Commentary: Life/Euro Beyond Greece – Crystal Clear

Focus at today’s European Central Bank (ECB) press conference was on the continued tremors rattling Greece. A couple of key points:

Focus at today’s European Central Bank (ECB) press conference was on the continued tremors rattling Greece. A couple of key points:

* The ECB refinancing collateral framework will introduce a gradual scale of “haircuts” starting 1/1/2011. We recently called for such a framework to provide an ECB mechanism to reward fiscal discipline. The framework continues to rely on ratings by rating agencies (our proposal called for haircuts based on a scoring system based on adherence to the stability and growth pact).
* ECB head Trichet clarified European Monetary Union rules that Greece shall not receive aid below market rates does not refer to Greece’s market rates, but to the refinancing costs of those countries providing aid.
* There were many questions on what would trigger a rescue package. Trichet was very clear that it is up to Greece’s judgment to ask for help. It’s a question for political leaders, not for the ECB.

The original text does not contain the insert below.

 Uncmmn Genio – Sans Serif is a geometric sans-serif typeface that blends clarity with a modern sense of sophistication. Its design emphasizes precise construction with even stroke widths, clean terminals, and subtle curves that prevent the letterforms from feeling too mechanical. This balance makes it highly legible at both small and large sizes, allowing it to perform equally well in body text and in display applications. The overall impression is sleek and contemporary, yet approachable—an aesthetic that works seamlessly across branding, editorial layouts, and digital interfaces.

Many questions focused on the perceived confusion on why credit default swaps (CDS) for Greece are high and climbing; and why Greece’s costs of borrowing continues to be much higher (with spreads widening) than that of other eurozone member countries.

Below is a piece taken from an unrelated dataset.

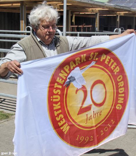 Peter Marke entfaltete später ein Banner, das auf das zwanzigjährige Bestehen des Westküstenparkes hinweist.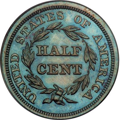 1856 Breen 1-C Rarity-4 Doubled T in CENT (Proof-Only). PCGS graded Proof 65 Brown. Attractive dark bluish steel and chocolate delicately mixed with specks of slightly lighter brown toning on the obverse. No spots, stains, or contact marks, only faint hairlines in the fields on both sides. The fields are nicely reflective with moderately deep mirrors and the eye appeal is excellent. Sharply struck on a flawless planchet. A premium example of this proof-only variety. The doubled T in CENT feature is clear (actually this is a doubled die and most of CENT shows strong doubling). Our grade is Proof-64. Pop 4; none finer at PCGS.

Using a term that was used extensively during the press conference, to us, the situation is “crystal clear”. It seems to us that many market participants are not aware that:

* Should aid be provided to Greece and the IMF be involved, loans granted by the IMF tend to be senior to outstanding government debt. It is absolutely justified by the market to demand a higher premium on outstanding debt given the prospect of IMF involvement.
* Further, while it is not known at this stage, IMF involvement typically includes a) austerity measures, b) currency revaluation and c) debt restructuring. Austerity measures have been announced and may or may not be expanded; a currency revaluation is not an option for Greece; but debt restructuring is. With IMF involvement, there’s a high probability that existing debt may be restructured. Policy makers don’t like to call debt restructuring a default, but it is a partial default that may trigger payment under CDS rules. As a result, it is perfectly appropriate for credit default swaps to rise.

Towards the end of the press conference, Trichet said the market is always right. We agree with Trichet – the pricing of Greek bonds and CDS is rational.

However, the market does need to learn that Greece comprises just over 2% of the eurozone GDP. As such, at some point, we believe, the market will need to get used to Greece’s woes. There’s life beyond Greece; as a result, we are positive on the long-term outlook of the euro.